Come è sottolineato sempre nell’articolo di National Geographic, diminuire la produzione di plastica migliorerebbe non solo la condizione di oceani e atmosfere, ma influenzerebbe anche il riscaldamento globale: quasi tutte le plastiche sono prodotte a partire da combustibili fossili e questo settore industriale ha contato, nel 2015, una quantità di emissioni di anidride carbonica pari a 1,7 miliardi di tonnellate. Con un volume di plastica la cui produzione raddoppia ogni decennio, nel 2050 è previsto che saranno raggiunti i 6,5 miliardi di tonnellate, valore che corrisponde al 15 % del budget di carbonio globale, come suggerisce uno studio pubblicato su Nature Climate Change.
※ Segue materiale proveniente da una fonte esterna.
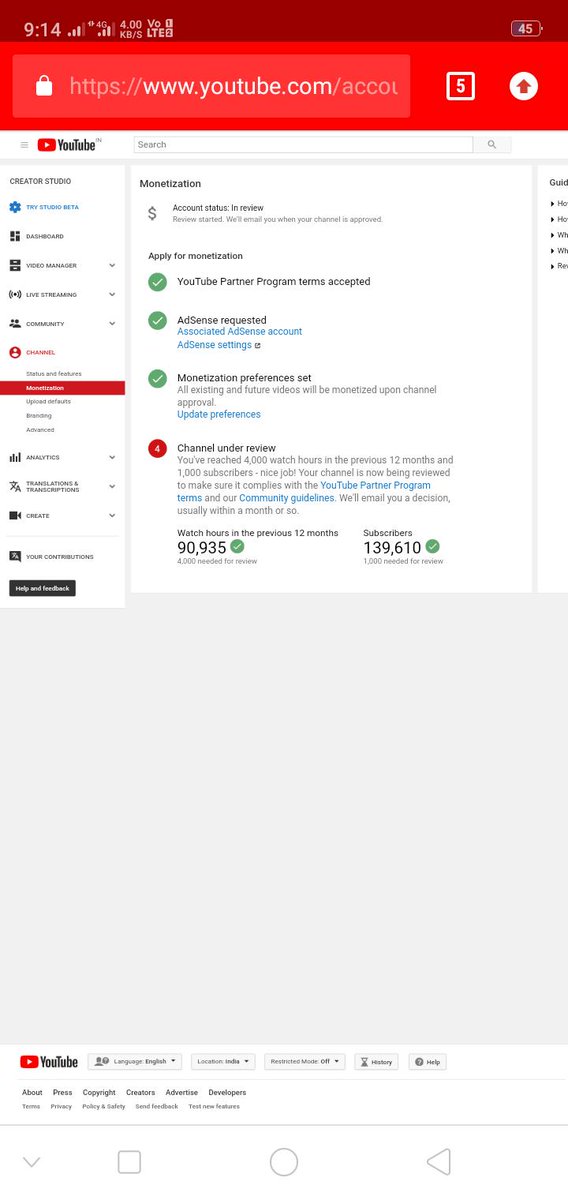 My channel is completed 1k subscribers and 4k watch hours in previous 365 days but my channel is still under review.

Per impedire che ciò accada dovremmo rimboccarci le maniche e sperare che i governi applichino in maniera severa e integrata misure quali energie rinnovabili, raccolta differenziata, riciclo e la sostituzione dei combustibili fossili con quelli a base di biomassa.
Esistono, però, anche delle plastiche “buone”. Ce lo racconta Stefano Bertacchi in “Amore di (bio)plastica”, che potrete acquistare e leggere singolarmente o nel numero di aprile 2018 di Sapere.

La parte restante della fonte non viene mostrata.